Today's topic is dating...what to do and what not to do. Now this is obviously based on my experiences with men or my gfs experiences that I witnessed.
A little background...I was 17 when I started dating. I've never married and I'm in my early 40s.
1. Do NOT allow the other person to belittle you or talk to you disrespectfully. (or your friends)
2. Do NOT start lending the person money. Now it's okay to help someone out sometimes (and I do mean SOMETIMES) but...if someone is not a good steward over their own money, they won't be a good steward over yours. Besides, how are you going to feel when they don't pay you back and then things don't work out? (like a fool)
3. Do NOT let our SO get away with flirting with your friends, your co workers, etc. Anybody that exhibits that type of behavior is almost 1000 percent certain to cheat on you. (with one of those same folks)
4. If he/she is not calling you on a regular basis and seeing you on a regular basis, they are not into you and could possibly be using you. (see #3) If someone like you, they 'gotta' see you and they most certainly 'gotta' talk to you. Don't accept that I'm busy bullshit. There is a cell phone in just about everybody's pocket...they could have called you several times a day. This leads to the next one...
5. There is nothing wrong with texting and emailing your SO but...if that is the main way you communicate, it is unacceptable. Ask yourself why this person is NOT calling you or seeing you...and see #4.
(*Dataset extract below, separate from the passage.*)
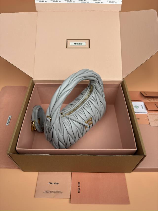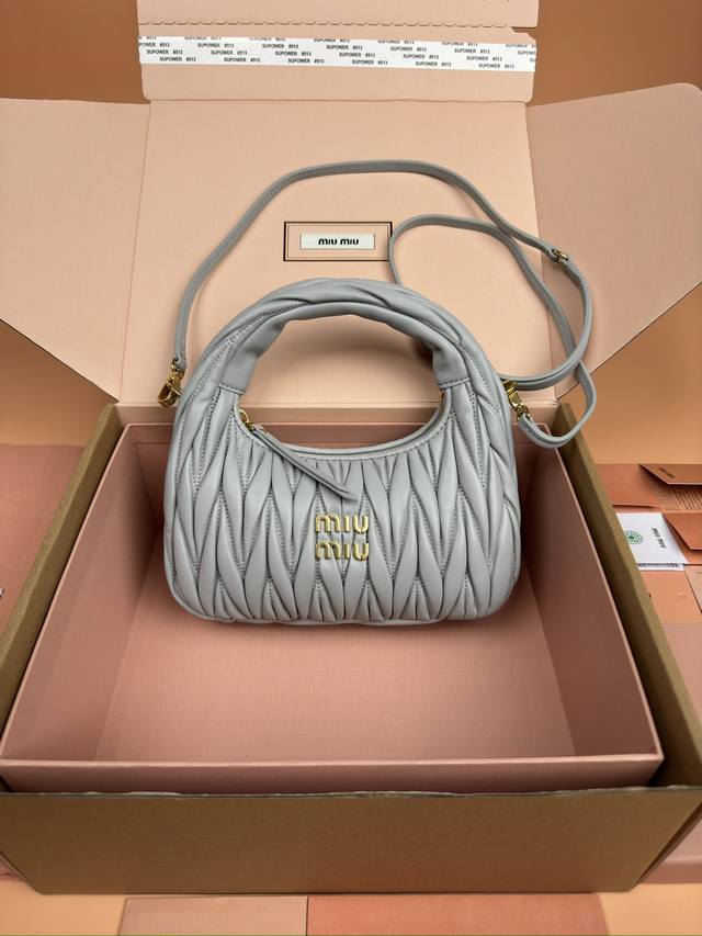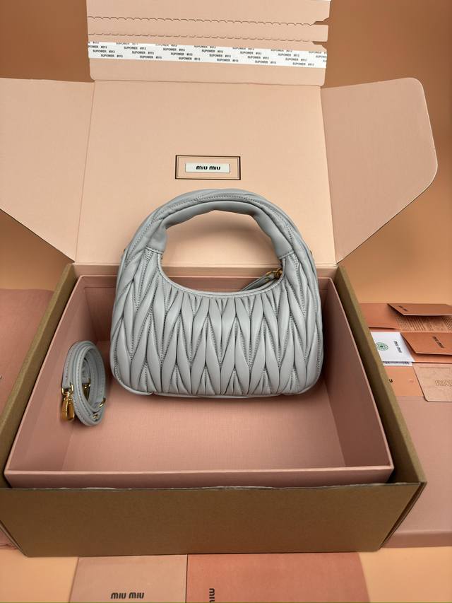 原厂皮 ,配图片包装 DDD 特级五金原厂皮 Wander Matelasse羊皮革Hobo手提包 斜挎包~20Cm灰蓝色羊皮 DDD Wander手提包已成经典配饰之。这款迷你手袋选用Matalasse羊皮革打造,运用精湛工艺打造三维立体效果,尽显精致优雅。呈现Hobo包版型,融合复古风情与现代优雅,成为现代女性气质的新代名词。 DDD ~金色配件 DDD ~拉链开合 DDD ~正面金属刻字徽标 DDD ~棉质缎面衬里 DDD 尺寸:W20×H17×D6Cm DDD 編號:_5Bc125 DDD

6. What type of things do you do when you spend time together? If the answer is sex and sex alone....STOP . This person is not interested in YOU but is very interested in your skills. (which I congratulate you on...but I digress) Seriously, if this person is not going....bowling, movies, out to eat, to a house party, etc with you and only comes over for a vid rental and some horizontal mambo...get rid of them OR keep them, demote them concubine status and go shopping for love. (when you meet someone real....dump them immediately) Of course it would be better if you just leave the person alone long before you start shopping again but I had to throw in an option for those of you are weak in that area.
7. Do NOT compromise who you are to fit what this person wants. If the person that you are with is trying to change you (and I don't mean things that make you better like going back to school, eating better, getting more sleep and ish like that).....you have to wonder if they like you in the first place. Who are they trying to make you over to be? If a person likes you, they accept you for who you are. They have to decide (and so do you ) that they can live with all of your quirks before they move forward. Speaking of change....
8. I heard an old saying that you can't turn a ho into a housewife. Hey this works for men and women. Why are you trying to make a person into something that they are not? If he/she is the noncommittement type....stop trying to change them into the Queen or King that you have made them up to be..in your own love blind mind. You think that if you just wow them with all of your magnificance, they will love you sooooo much that they will want to change. This may work, but the chance of it is very very slim. Why would you waste your precious time and your even more precious love on that type of foolishness? You need to be in the very opposite direction of wherever this person is going.